Segment Open

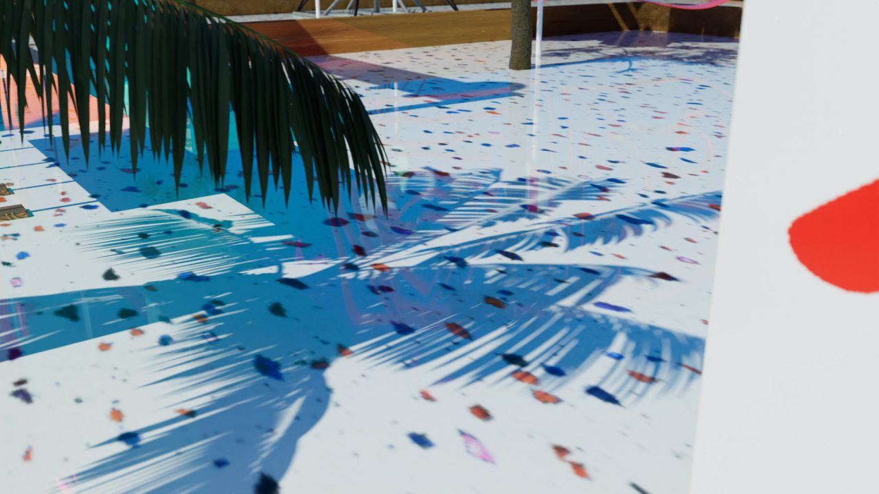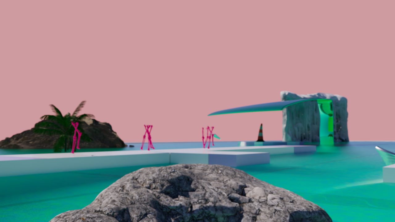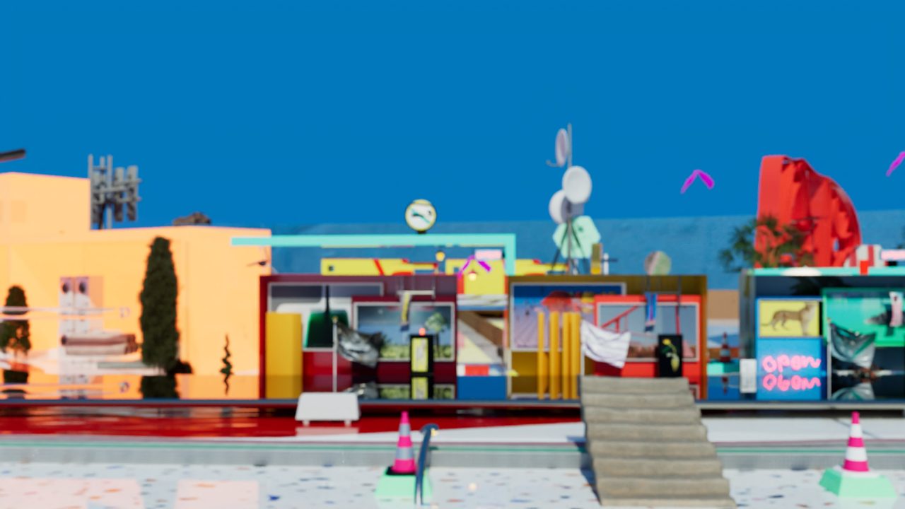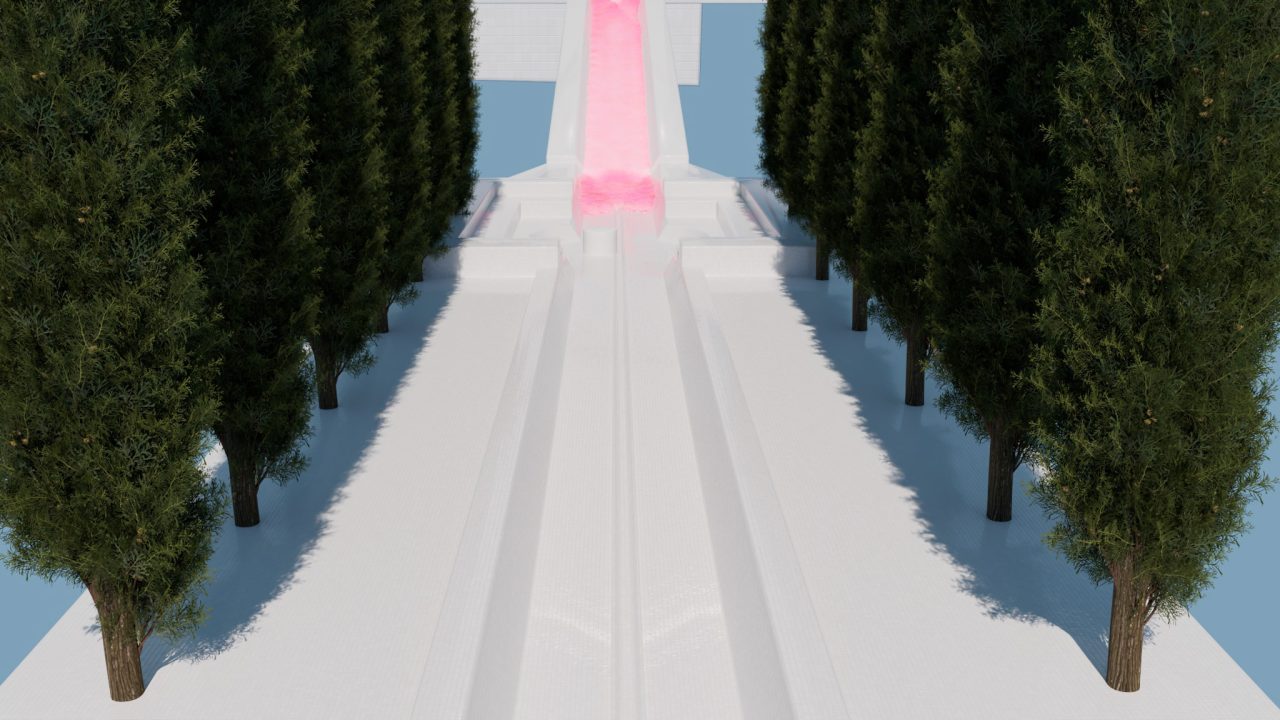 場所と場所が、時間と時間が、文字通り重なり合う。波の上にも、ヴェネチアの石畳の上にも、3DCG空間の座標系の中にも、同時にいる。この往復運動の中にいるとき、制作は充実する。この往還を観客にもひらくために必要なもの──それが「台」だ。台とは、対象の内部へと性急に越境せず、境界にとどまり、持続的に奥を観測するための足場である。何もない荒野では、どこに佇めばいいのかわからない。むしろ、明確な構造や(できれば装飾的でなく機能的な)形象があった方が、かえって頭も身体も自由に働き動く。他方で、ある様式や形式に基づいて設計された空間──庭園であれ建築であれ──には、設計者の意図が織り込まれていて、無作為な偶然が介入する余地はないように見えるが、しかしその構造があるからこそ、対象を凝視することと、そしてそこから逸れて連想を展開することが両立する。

Segment Closed
Segment Open

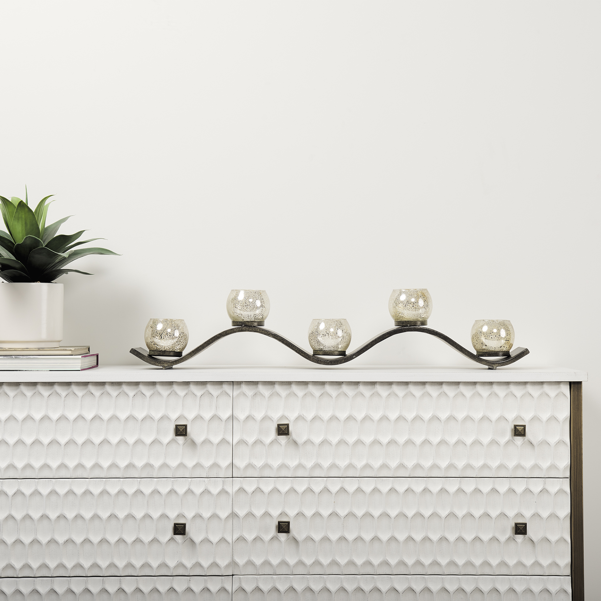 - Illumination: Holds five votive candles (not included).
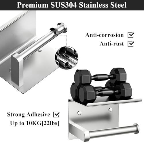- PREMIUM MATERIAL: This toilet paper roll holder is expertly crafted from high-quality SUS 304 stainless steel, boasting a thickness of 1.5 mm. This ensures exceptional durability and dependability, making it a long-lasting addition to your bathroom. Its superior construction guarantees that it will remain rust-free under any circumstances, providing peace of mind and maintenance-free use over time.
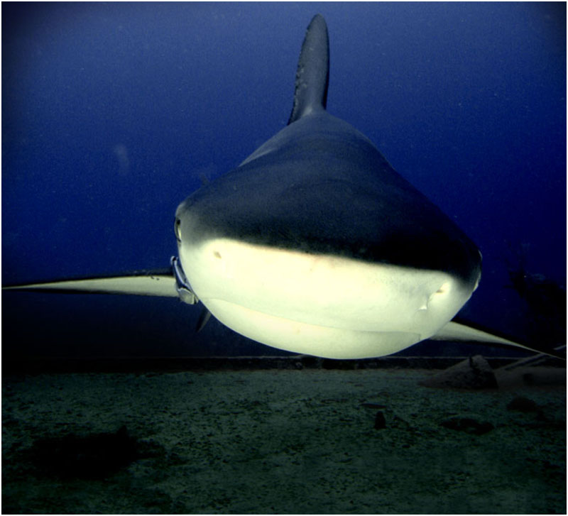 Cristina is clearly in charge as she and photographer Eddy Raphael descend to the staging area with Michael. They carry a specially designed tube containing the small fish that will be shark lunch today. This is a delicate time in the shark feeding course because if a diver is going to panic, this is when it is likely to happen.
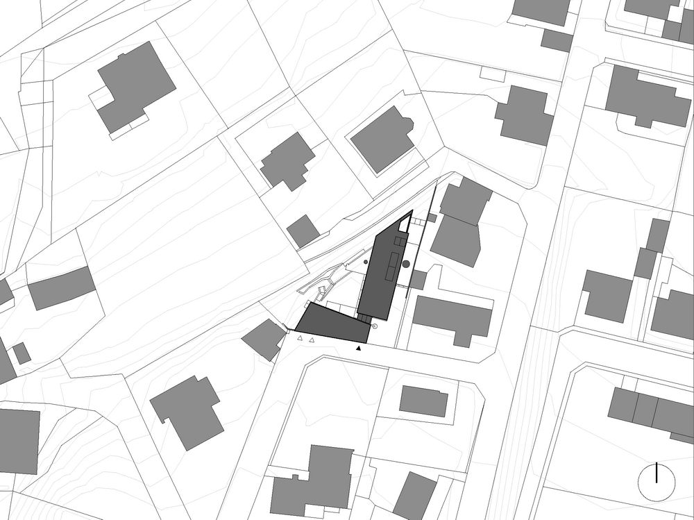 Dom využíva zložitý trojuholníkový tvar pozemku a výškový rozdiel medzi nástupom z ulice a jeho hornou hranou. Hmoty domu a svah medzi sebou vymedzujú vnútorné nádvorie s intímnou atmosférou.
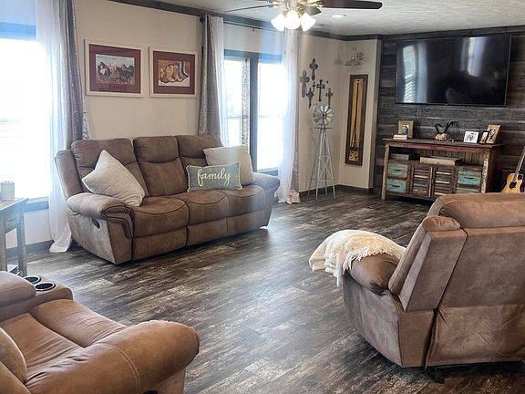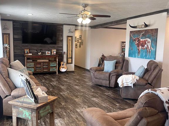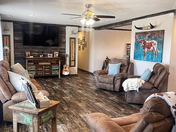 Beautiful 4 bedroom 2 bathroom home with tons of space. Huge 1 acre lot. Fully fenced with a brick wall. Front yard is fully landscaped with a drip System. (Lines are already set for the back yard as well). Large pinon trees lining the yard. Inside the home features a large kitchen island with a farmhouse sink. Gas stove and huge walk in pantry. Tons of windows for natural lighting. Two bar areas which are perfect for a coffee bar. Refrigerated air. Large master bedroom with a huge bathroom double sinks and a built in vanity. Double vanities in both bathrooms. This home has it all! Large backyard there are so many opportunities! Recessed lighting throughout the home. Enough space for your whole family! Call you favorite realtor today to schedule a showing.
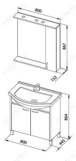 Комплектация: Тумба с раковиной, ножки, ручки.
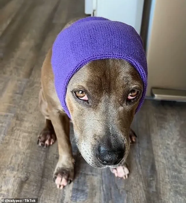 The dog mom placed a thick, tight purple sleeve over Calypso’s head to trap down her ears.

Segment Closed
Segment Open

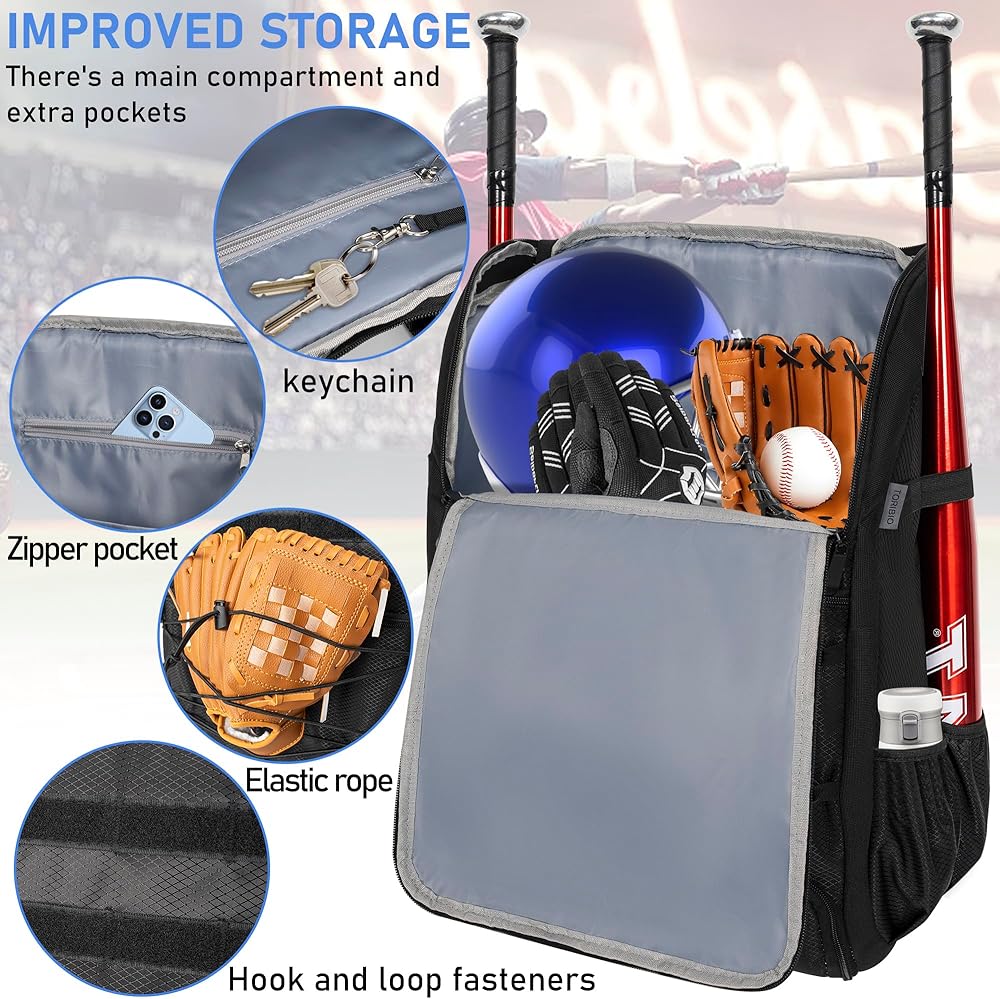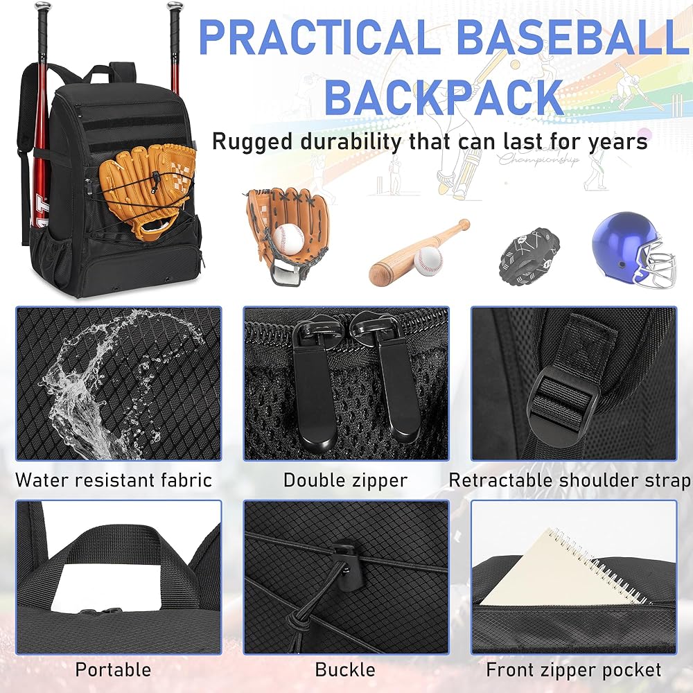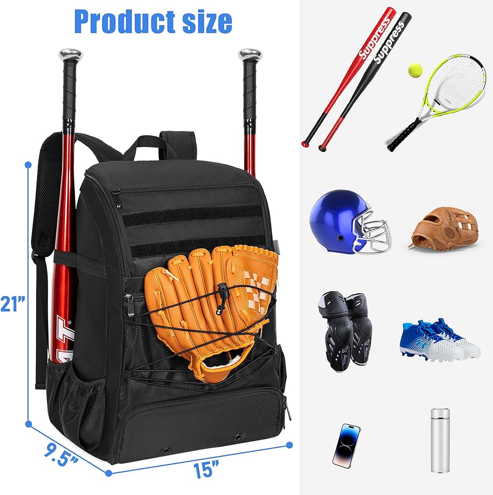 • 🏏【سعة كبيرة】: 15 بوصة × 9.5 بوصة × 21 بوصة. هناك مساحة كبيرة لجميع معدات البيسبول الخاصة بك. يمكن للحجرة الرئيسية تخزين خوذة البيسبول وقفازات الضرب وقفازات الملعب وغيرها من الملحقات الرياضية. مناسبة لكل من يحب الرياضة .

Segment Closed

Find the line with "- PREMIUM MATERIAL: This" in the entries above. Set down exactly every line from it up to and including the line with "Cristina is clearly", images excluded.

- PREMIUM MATERIAL: This toilet paper roll holder is expertly crafted from high-quality SUS 304 stainless steel, boasting a thickness of 1.5 mm. This ensures exceptional durability and dependability, making it a long-lasting addition to your bathroom. Its superior construction guarantees that it will remain rust-free under any circumstances, providing peace of mind and maintenance-free use over time.
 Cristina is clearly in charge as she and photographer Eddy Raphael descend to the staging area with Michael. They carry a specially designed tube containing the small fish that will be shark lunch today. This is a delicate time in the shark feeding course because if a diver is going to panic, this is when it is likely to happen.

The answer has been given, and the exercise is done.